» **WORK ORDER**: Write out an exact copy of the line containing "Keep Baby giggling" and all lines that follow it in the data below, leaving out pictures.

[Dataset excerpts]
..........
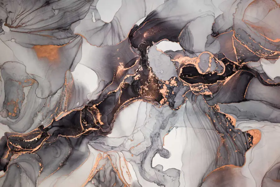 Verwandeln Sie Ihren Raum mit dieser atemberaubenden Fototapete mit abstrakter Tinte und elegantem Metallic-Design. Es ist, als hätte man ein Kunstwerk, das sich über die Wand erstreckt und zu Gesprächen und vielleicht sogar Tagträumen anregt. Stellen Sie sich vor, Sie betreten den Raum und spüren eine subtile Veränderung der Stimmung – eine Stimmung, die Sie dazu verleitet, es sich mit einem guten Buch gemütlich zu machen oder eine spontane Zusammenkunft zu veranstalten. Die sanften Wirbel und das künstlerische Flair laden zur Neugierde ein und lassen jeden Betrachter einen Moment innehalten – oder zwei. Dieses Wandbild ist nicht einfach nur Dekoration, sondern ein Erlebnis, das Kreativität und Laune anregt und Ihre Wände zum Leben erweckt. Perfekt für alle, die das Unerwartete schätzen!
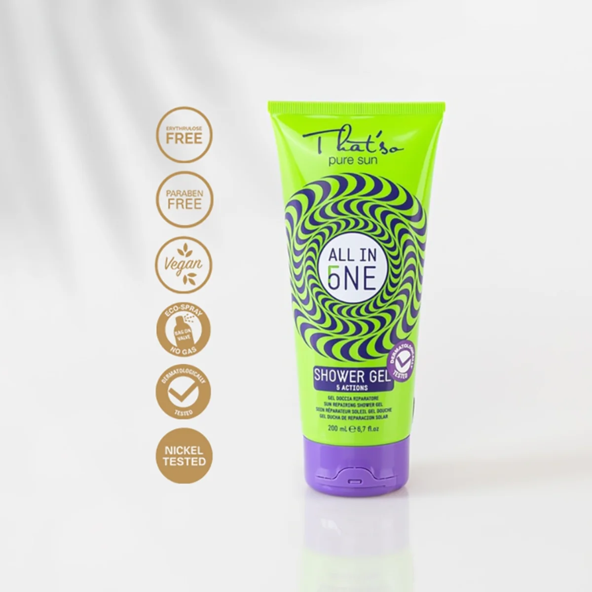 El All In One Shower Gel de That’so es un gel de ducha diseñado para limpiar suavemente la piel después de la exposición solar o la actividad física al aire libre.
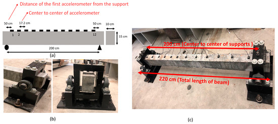 For vibrational measurements, twelve accelerometers (Kistler, Mississauga, ON, Canada, model number: 8315A010B0AC06) were installed along the top surface of each beam with hot glue with spacing of 172 mm (Figure 1a), and they were connected to a Vishay Precision Group model 6100 data acquisition system. The accelerometers were single-axis sensors with an acceleration range of ±10 g, sensitivity of 200 mV/g, resonance frequency of 2000 Hz and mass equal to 15 g. A non-instrumented hammer (weight = 300 g) was used to provide input excitations at different locations along the top surface of the beam.
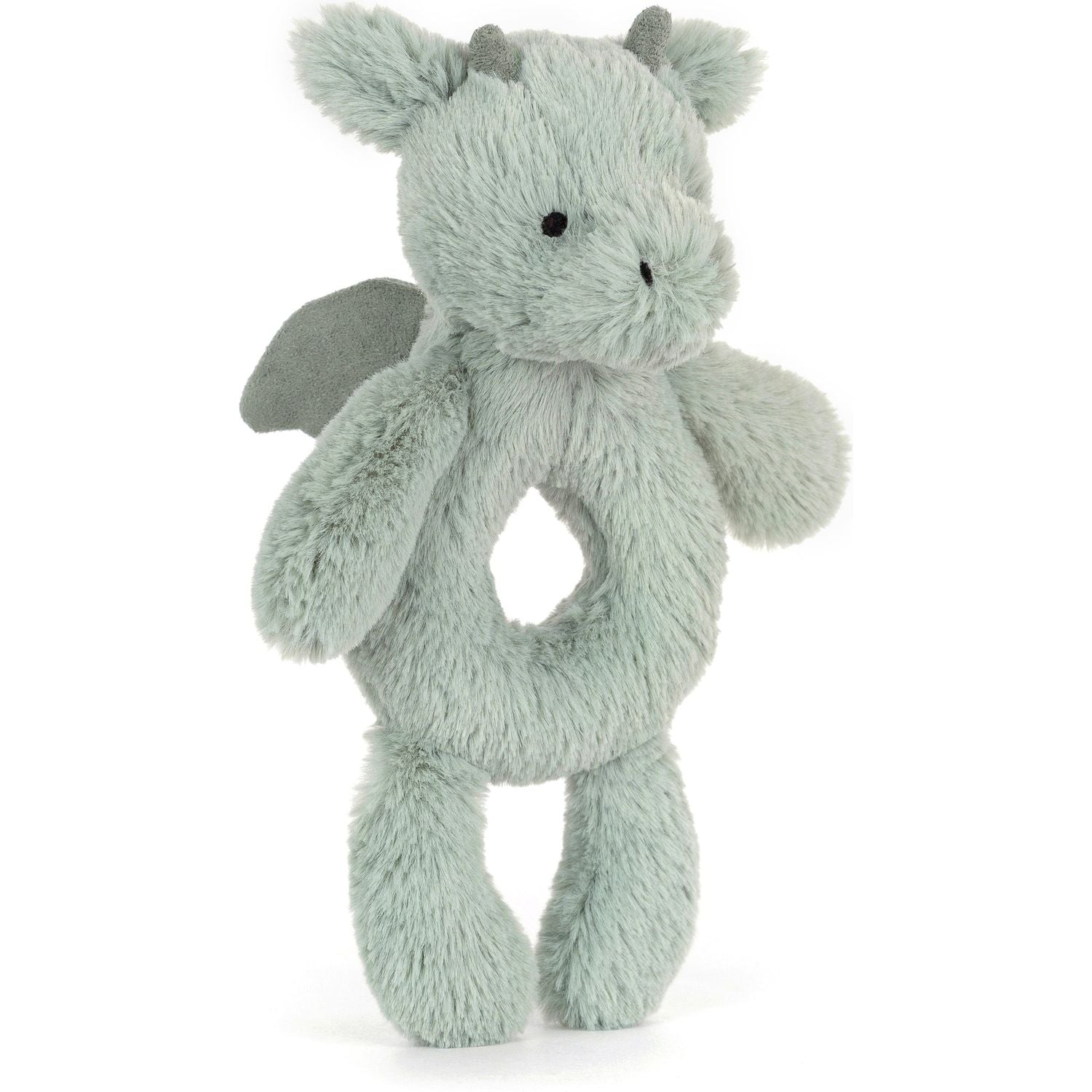 Keep Baby giggling throughout any quest with this soft, moss-green treat! The Bashful Dragon Ring Rattle has been crafted in recycled fibres and features cute ears, stitched eyes and suedette horns and wings. The ring-shaped tummy is easy for little hands to grab and the gentle rattle delights at every shake.Β
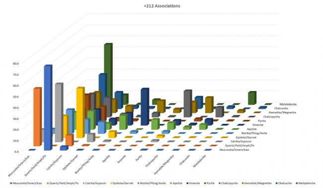 蔡司Mineralogic 3D系統(tǒng)給出的礦物連生關(guān)系統(tǒng)計信息
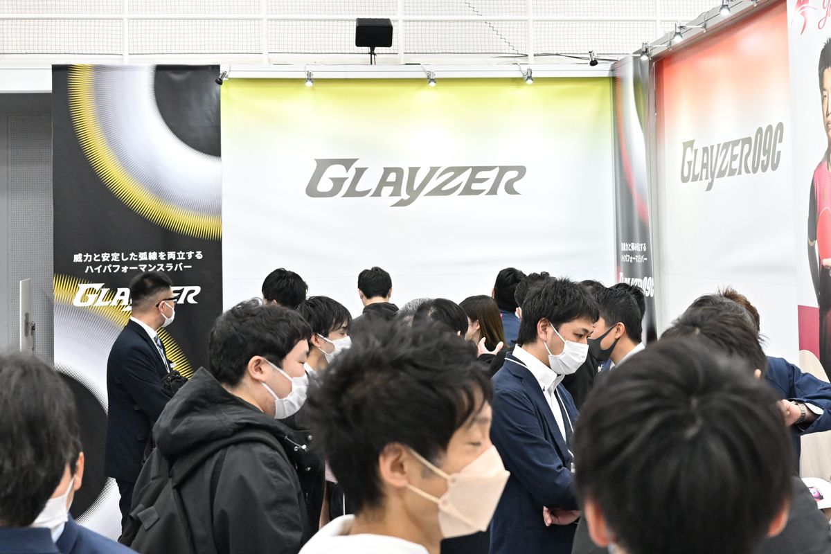 とりわけ大きな注目を集めたのは、ディグニクスシリーズの技術を用いて開発したシートとスプリング スポンジXを搭載した新ラバー『グレイザー』と『グレイザー09C』だ。多くの卓球ショップのスタッフが試打会場に用意されたテスト用ラケットを手に取り、その感触をしっかりと確かめていた。
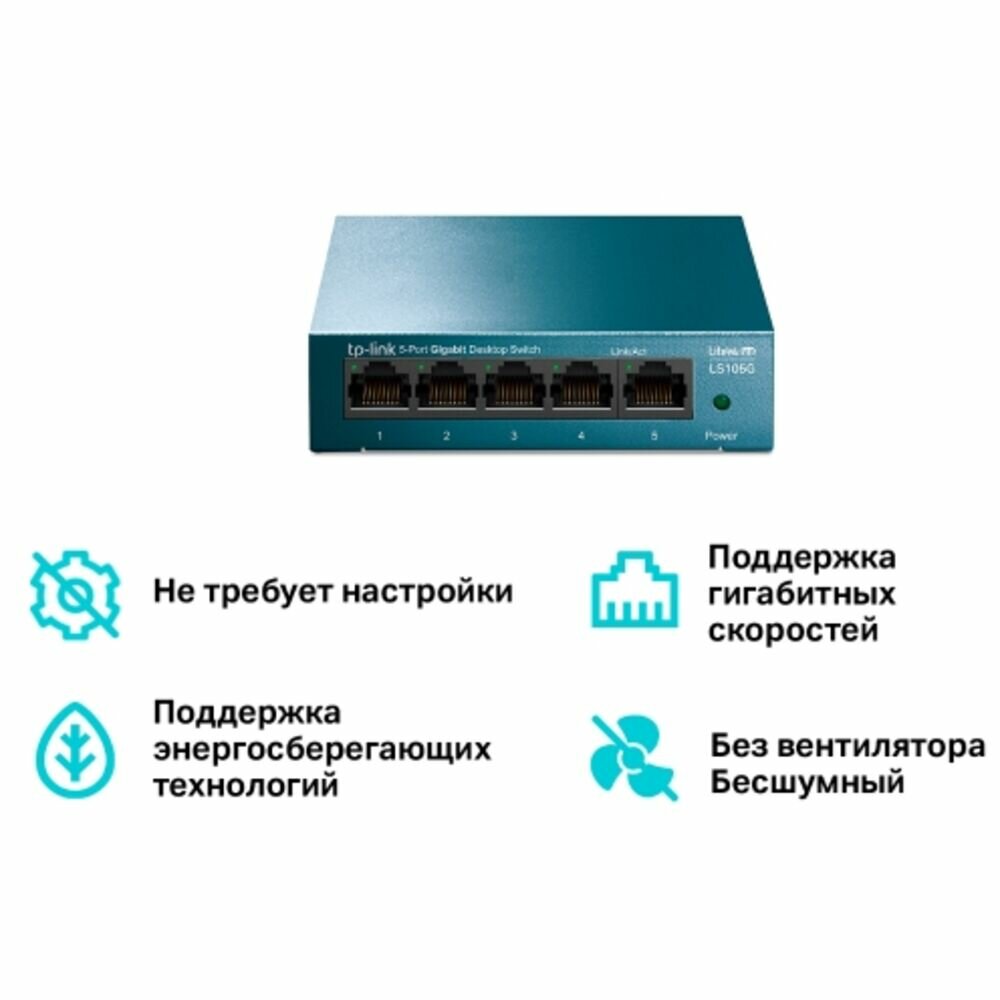 Неуправый коммутатор TP-Link LS105G 5 портов RJ45 10/100/1000 Мбит/с, металлический корпус, настольный/монтируемый на стену, plug and play
..........
» **THE ANSWER**:
 Keep Baby giggling throughout any quest with this soft, moss-green treat! The Bashful Dragon Ring Rattle has been crafted in recycled fibres and features cute ears, stitched eyes and suedette horns and wings. The ring-shaped tummy is easy for little hands to grab and the gentle rattle delights at every shake.Β
 蔡司Mineralogic 3D系統(tǒng)給出的礦物連生關(guān)系統(tǒng)計信息
 とりわけ大きな注目を集めたのは、ディグニクスシリーズの技術を用いて開発したシートとスプリング スポンジXを搭載した新ラバー『グレイザー』と『グレイザー09C』だ。多くの卓球ショップのスタッフが試打会場に用意されたテスト用ラケットを手に取り、その感触をしっかりと確かめていた。
 Неуправый коммутатор TP-Link LS105G 5 портов RJ45 10/100/1000 Мбит/с, металлический корпус, настольный/монтируемый на стену, plug and play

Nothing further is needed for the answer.